# Convert Slow Cooker Time to Regular Oven



## Caatt (Feb 4, 2006)

Hi there,

I have a recipe that I found for cabbage rolls that I like but it is to be made in a slow cooker on low for 8 to 9 hours, does anyone know what the temperature and time conversion might be for a regular oven?  I have a slow cooker but it's old and tends to take alot longer than indicated in a recipe and have more time to cook in the evenings than I do in the daytime.  Thanks very much for your help.

Cathy


----------



## auntdot (Feb 5, 2006)

Hi Caatt, welcome to DC.

Without the recipe, there is no way to answer your question.

What I would do is Google 'cabbage roll recipes', and you will find many.

Most of which do not require cooking in the slow cooker.

Would just figure out which one is closest to your cabbage rolls and go with it.

Sorry, but there is no easy conversion from slow cooker to stove top, oven cooking.

Hope this helps.

God bless.


----------



## Gretchen (Feb 5, 2006)

I think many slow cooker recipes are just made for the convenience of the long cooking time--unless it is a stew or braise, the long cooking time is not necessary. Cabbage rolls take about an hour in a 350* oven.


----------



## Caatt (Feb 5, 2006)

Thanks to both of you, I did try googling for a non-slowcooker recipe but didn't find any that I liked as much as this.  I think that an hour should do it, I found a page that converted regular recipe times to slow cooker times and just reversed it and that came up with 1 to 1 and a half hours.  I just have one concern though that page said that often you need less liquid in a slow cooker than in a regular oven recipe so I'm wondering if this recipe will need more - here it is:

INGREDIENTS:

    * 12 leaves cabbage
    * 1 cup cooked white rice
    * 1 egg, beaten
    * 1/4 cup milk
    * 1/4 cup minced onion
    * 1 pound extra-lean ground beef
    * 1 1/4 teaspoons salt
    * 1 1/4 teaspoons ground black pepper
    * 1 (8 ounce) can tomato sauce
    * 1 tablespoon brown sugar
    * 1 tablespoon lemon juice
    * 1 teaspoon Worcestershire sauce

DIRECTIONS:

   1. Bring a large pot of water to a boil. Boil cabbage leaves 2 minutes; drain.
   2. In large bowl, combine 1 cup cooked rice, egg, milk, onion, ground beef, salt, and pepper. Place about 1/4 cup of meat mixture in center of each cabbage leaf, and roll up, tucking in ends. Place rolls in slow cooker.
   3. In a small bowl, mix together tomato sauce, brown sugar, lemon juice, and Worcestershire sauce. Pour over cabbage rolls.
   4. Cover, and cook on Low 8 to 9 hours.

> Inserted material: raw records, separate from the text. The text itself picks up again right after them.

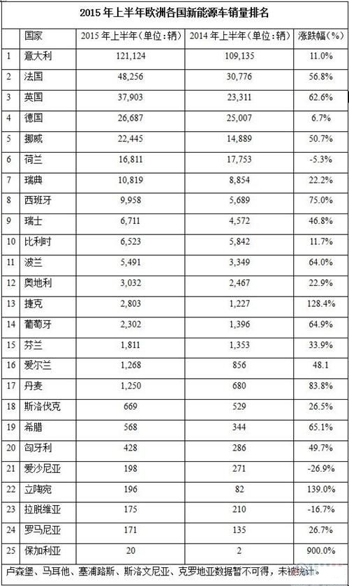 以下是蓋世汽車網整理的歐洲各國上半年新能源車銷量排名:
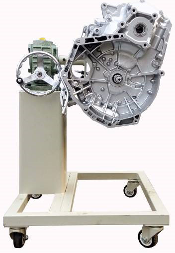 采用減速翻轉(zhuǎn)機(jī)構(gòu),可使變速器旋轉(zhuǎn)任意角度,并能任意位置鎖止,便于學(xué)生從不同的角度進(jìn)行拆卸和裝配。
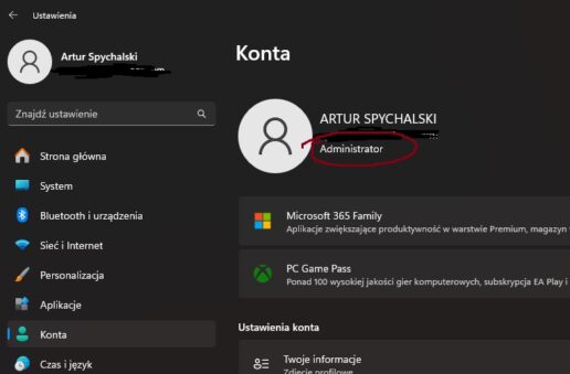 zobaczysz, czy jest to <b>„Administrator”</b> lub tylko <b>„Użytkownik”</b>.
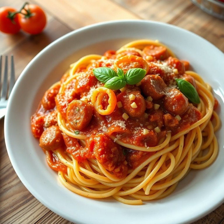 Espaguete Cremoso com Calabresa e Tomate
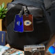 Étiquette À Bagage Insigne de ligne bleue mince avec bouton sur l'env
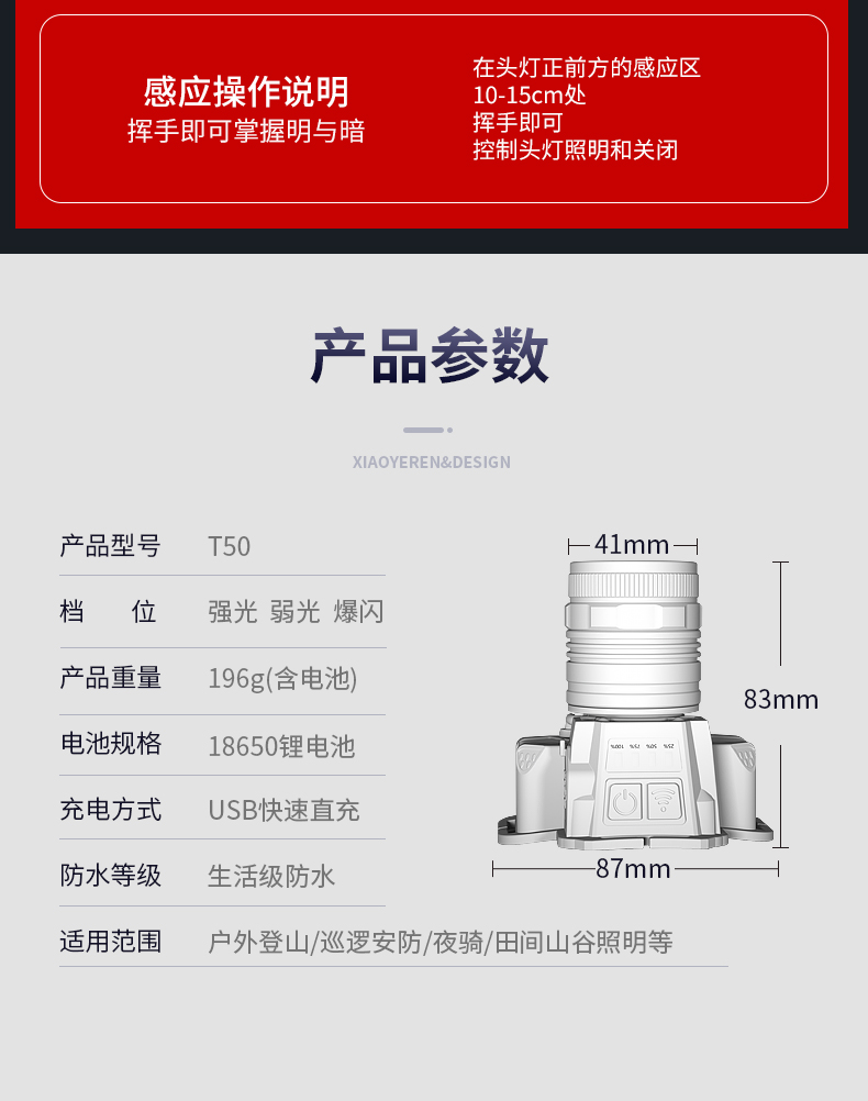 感应头灯T50

Just to give credit where credit is due this recipe is courtesy of BJ on the allrecipes.com site.   If there are any alterations anyone thinks should be made please let me know, thanks again.

Cathy


----------



## Gretchen (Feb 5, 2006)

This looks like a very standard cabbage roll recipe.The liquid should be fine.


----------



## Gretchen (Feb 5, 2006)

Here is an absolutely delicious recipe that gives all the goodness of cabbage rolls without the effort of actually stuffing them.

CABBAGE ROLL CASSEROLE
1-1 1/2 lb. ground beef or lamb
2 medium onions, chopped
1 clove garlic, minced
1/4 tsp. pepper
1 14 oz can tomato sauce
1 can water
1/2 C uncooked rice
4 C cabbage, shredded
sour cream
Brown meeat, onions, and garlic. Drain.  Add tomato sauce, water and salt and pepper and bring to a boil.  Stir in rice and cover and simmer for 20 minutes.  Place 2/3 of the cabbage in a greased baking dish and cover with half the rice mixture.  Repeat layers.  Cover and bake in 350  oven for 1 hour.  Serve with sour cream.  Serves 4-6.


----------